Source: Dennis Beckmann¸ PKF Malta


The famous saying “never change a running system” can be true very often¸ however sometimes it makes more sense to renew a system¸ even when it is running to create room for improvement. The European Commission seems to have the same opinion.

In October of 2011¸ the European Commission reviewed the 4th and 7th accounting directives. The Fourth Council Directive (Directive 78/660/EEC) sets rules for annual accounts and annual reports of companies¸ the valuation methods and the publication for all companies with limited liability. The Seventh Directive (Directive 83/349/EEC) is there to coordinate the laws of the member states on consolidated accounts. Together¸ they group the accounting directives. The 4th directive came into force in 1978 and the 7th directive is only 5 years younger¸ therefore it is understandable that the European Commission thought it was time to  reassess both directives.
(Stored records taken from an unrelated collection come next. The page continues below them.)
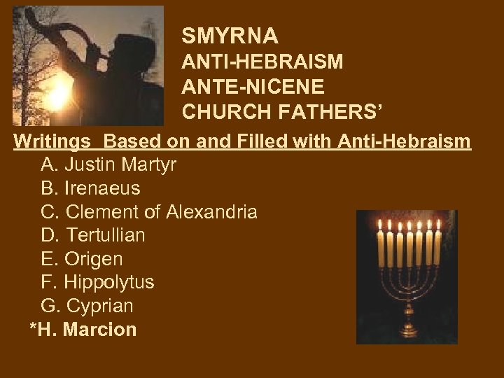 SMYRNA ANTI-HEBRAISM ANTE-NICENE CHURCH FATHERS’ Writings Based on and Filled with Anti-Hebraism A. Justin Martyr B. Irenaeus C. Clement of Alexandria D. Tertullian E. Origen F. Hippolytus G. Cyprian *H. Marcion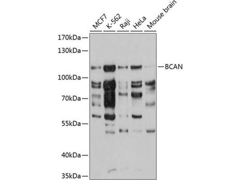 This gene encodes a member of the lectican family of chondroitin sulfate proteoglycans that is specifically expressed in the central nervous system. This protein is developmentally regulated and may function in the formation of the brain extracellular matrix. This protein is highly expressed in gliomas and may promote the growth and cell motility of brain tumor cells. Alternate splicing results in multiple transcript variants.,BCAN,BEHAB,CSPG7,brevican,Signal Transduction,Cell Biology & Developmental Biology,Cell Adhesion,Cytoskeleton,Extracellular Matrix,Neuroscience,Neurodegenerative Diseases,Amyloid Plaque and Neurofibrillary Tangle Formation in Alzheimer's Disease,BCAN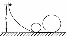21.(10分)如图所示,一条圆弧轨道与大小不同的两个圆环轨道连接在一起,质量为m的小球从高为h处由静止开始滑下,在小环(底部稍错开一些)内侧运动一周后.刚好能通过大环的最高点.若大环的半径是小环半径的2倍,轨道表面光滑,不计空气阻力,重力加速度为g,求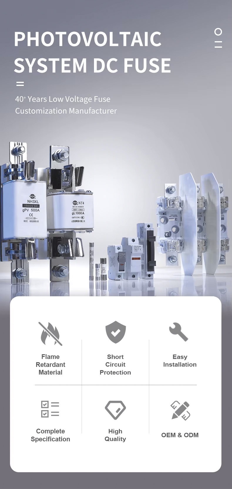 NH00 태양광 발전 시스템 DC 1000V 32~100A 퓨즈 링크 안정적이고 신뢰할 수 있는 퓨즈 특성, 빠른 응답 속도 및 높은 안전성을 보장하기 위해 고품질 재료가 선택되었습니다. 외관이 컴팩트하고 설치가 용이하며 태양광 결합기 박스, 인버터 및 DC 배전 캐비닛과 같은 다양한 시스템에 널리 사용됩니다. NH00 태양광 발전 시스템 DC 1000V 32~100A 퓨즈 링크는 여러 국제 인증을 통과했으며 IEC 표준을 준수하므로 발전소 시스템의 안전한 작동을 보장하는 데 이상적인 선택입니다.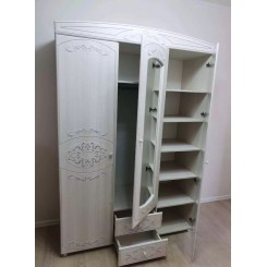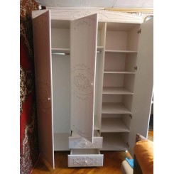 - характеристика: комбинированный, одно бельевое отделение с полками, два платяных, два выдвижных ящика на шариковых направляющих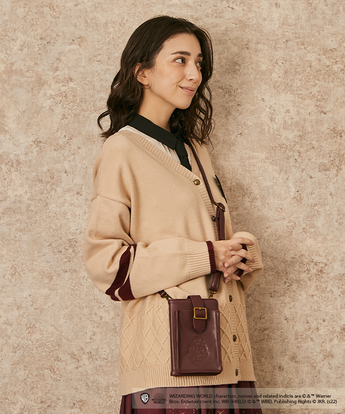 中央にホグワーツの紋章の型押しを施したポシェット。

As a result of this review¸ the commission proposes measures that should be taken to achieve different aims and simplify the accounting rules for small enterprises.  SME’s still have to deal with a huge amount of red tape therefore cutting excessive bureaucracy in an appropriate way would lead to savings of up to €1.7bn per year¸ according to the European Commission. To achieve this simplified preparation of financial statements would one of the proposed solutions. This could also help the shareholders to better understand the financial statements and compare them with those from other companies.

Another target would be to increase transparency and support sustainable business among multinational companies.  The European Commission also claims that emerging sectors should be given more attention. The social business initiative and the CSR strategy could help to boost the growth of those markets. Nowadays it is more important than ever that all companies¸ not only social businesses¸ take responsibility for the whole society and not only focus on maximising profits.  The EU has to ensure that multinationals take social responsibility seriously and the new proposals for the 4th and 7th directives play an important role in achieving such results.  According to the legislative process of the EU¸ the European Parliament and the EU’s council of Ministers still have to adopt the proposals made by the Commission but there is no doubt that they will do so.